The cost savings are significant. In 2017 Reuters reported that the bank estimated an annual savings of $300,000 as a result of the shift from manual processes done by people to the automation enabled by bots. As for efficiency, the bank reported the following numbers:

  • 100% accuracy in account-closure validations across five systems

  • 88% improvement in processing time

  • 66% improvement in trade entry turnaround time

  • ¼-second robotic reconciliation of a failed trade vs. 5-10 minutes by a human

The technology adopted by the bank for this is Blue Prism. In the video below, Dave Moss, CTO and co-founder of Blue Prism explains how the Blue Prism Robotic Automation Software Platform works:

The idea is that the robotic automation powered by AI can bridge the gaps that currently exist in implementing technology that had required human intervention.

Reducing Human Labor

What follows naturally from eliminating the need for that human involvement is a loss of the need for human labor and fewer jobs for humans because the work will be done better and more reliably without them. That’s the spin Sandeep Gawade, operations manager for BNY Mellon in Pune, India, gave here:

Robots are reliable and deliver what they are designed to perform. They’re not affected at all by factors like workload, absenteeism, attrition, stress, or holidays. In fact they reduce risk and improve quality in a controlled environment.

He did also add some of the usual kind of rationalization that more rote work done by robots means more interesting work for humans: “Automation releases our people to focus on decision-making activities. It also eliminates tedium — we hire people with advanced skills to analyze data, and it’s disheartening for them to spend 30% to 40% of their work time on rote tasks. With help of robotics, we can increase their efficiency and help them focus on more productive work, including direct interactions with clients.”

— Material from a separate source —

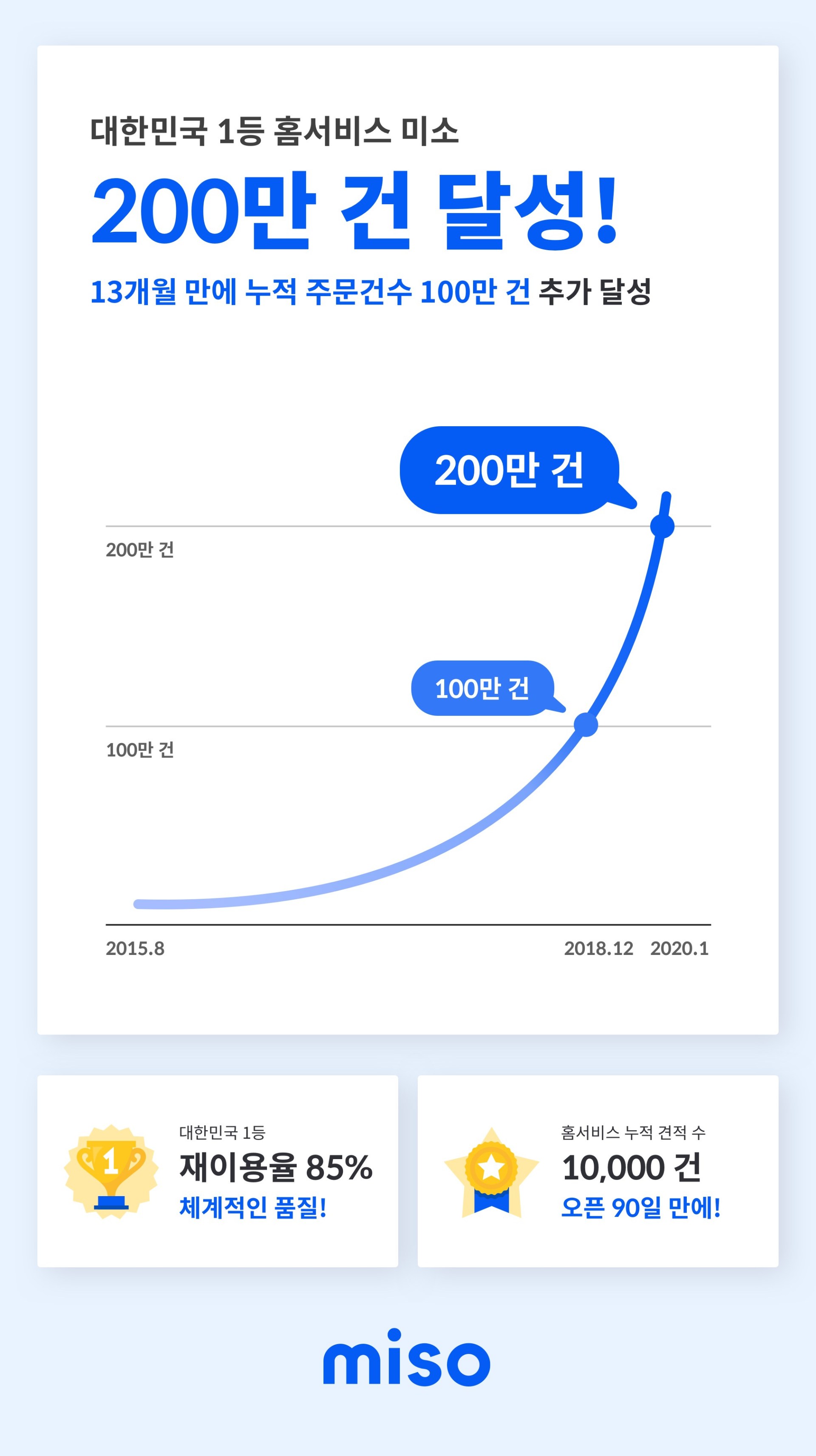 미소의 빅터 칭 대표는 “이번 누적 주문 200만 건을 달성을 통해 미소가 대한민국 1등 홈서비스 브랜드임을 다시 한 번 증명하게 되어 기쁘다”며 “미소에 보내주시는 고객의 변함없는 성원에 보답하고자 서비스 향상에 더욱 매진하겠다”고 전했다.

But you don’t need advanced analytics skills to be able to foresee that cutting back 30% to 40% of work time will, inevitably, mean eliminating 30% to 40% of headcount. That’s a major concern that James has for the AI-powered future. “Today’s back offices could be in the thousands of employees,” he observed. “A very large amount will be replaced by AI.” (Another big advancement in fintech is mobile banking. Find out more in The Impact of Mobile Banking.)

Planning for the Future

The fact that there will be fewer jobs available in banks, as well as in other industries that will rely more on AI and less on human labor, is one major issue that requires planning for a sustainable economy. Another is the regulation of AI itself.

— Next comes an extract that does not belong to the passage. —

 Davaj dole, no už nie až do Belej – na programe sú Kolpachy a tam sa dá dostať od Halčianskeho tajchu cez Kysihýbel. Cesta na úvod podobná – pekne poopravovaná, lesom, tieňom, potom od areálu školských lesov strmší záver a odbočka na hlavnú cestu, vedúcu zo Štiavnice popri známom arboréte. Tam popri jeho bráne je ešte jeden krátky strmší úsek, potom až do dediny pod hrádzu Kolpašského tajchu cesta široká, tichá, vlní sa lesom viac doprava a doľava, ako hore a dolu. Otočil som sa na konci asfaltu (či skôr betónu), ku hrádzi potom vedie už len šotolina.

“Financial regulators are now having to come to grips with innovations in fintech,” James pointed out, and AI is the area that “will have the biggest impact on the future of any bank.” He expects shaping the regulations for AI is “going to be a bit of a minefield.”

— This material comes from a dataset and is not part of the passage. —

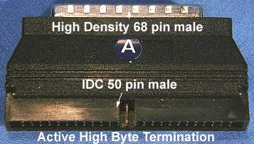El cable SCSI tipo A (estrecho) permite conectar hasta 8 dispositivos físicos, recomendándose que su longitud no exceda de 3 metros [1]. Cada dispositivo de canal debe competir por el uso del bus, y se identifica por un número ID de identificación (0/7) que se selecciona en la propia unidad y que determina además su prioridad.

But regulation is necessary because it is possible for AI to be used not just to counter fraud but to perpetuate it. He explained it can be set in a way that “hides and manipulates markets, which is a serious threat to the compliant operations of banks, as well as every vertical that adopts the use of AI.”

It’s a serious problem, James stresses, because when “AI is used to its full potential, it is several times more sophisticated than humans are.” And that is the dual-edged sword inherent in the advance of AI: It is a very powerful force that can increase efficiency, but it also can have negative consequences when directed for nefarious purposes or when it eliminates more jobs than it supports.